The information disclosure statement (IDS) submitted on 15 April 2020 is in compliance with the provisions of 37 CFR 1.97.  Accordingly, the IDS is being considered by the examiner.

Claim Objections
Claim 1 is objected to because of the following informalities:  
In lines 15-16, “and the third independent premise independent data” should be changed to “and the third independent premise data” to establish proper antecedent basis for the claim element.
Appropriate correction is required.

Claim Rejections - 35 USC § 112.
The following is a quotation of 35 U.S.C. 112(b):
(b)  CONCLUSION.—The specification shall conclude with one or more claims particularly pointing out and distinctly claiming the subject matter which the inventor or a joint inventor regards as the invention.

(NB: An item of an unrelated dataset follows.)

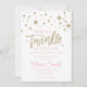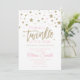 Convite de Chuvade Bebê Twinkle Twinkle Little Star com brilho dourado e estrelas rosa.

The following is a quotation of 35 U.S.C. 112 (pre-AIA ), second paragraph:
The specification shall conclude with one or more claims particularly pointing out and distinctly claiming the subject matter which the applicant regards as his invention.

Claims 6, 13, and 20 are rejected under 35 U.S.C. 112(b) or 35 U.S.C. 112 (pre-AIA ), second paragraph, as being indefinite for failing to particularly point out and distinctly claim the subject matter which the inventor or a joint inventor (or for applications subject to pre-AIA  35 U.S.C. 112, the applicant), regards as the invention.
The claims depend on claims 1, 8, and 15 respectively and recite the following limitations in lines 4-6 of their respective claims: 
“the fifth recurrent network is a fifth Bi-LSTM network, the sixth recurrent network is a sixth Bi-LSTM network, the seventh recurrent network is a seventh Bi-LSTM network, and the eighth recurrent network is an eighth Bi-LSTM network.”
There is insufficient antecedent basis for this limitation in the claim as claims 1, 8, and 15 make no mention of fifth, sixth, seventh, or eighth recurrent networks.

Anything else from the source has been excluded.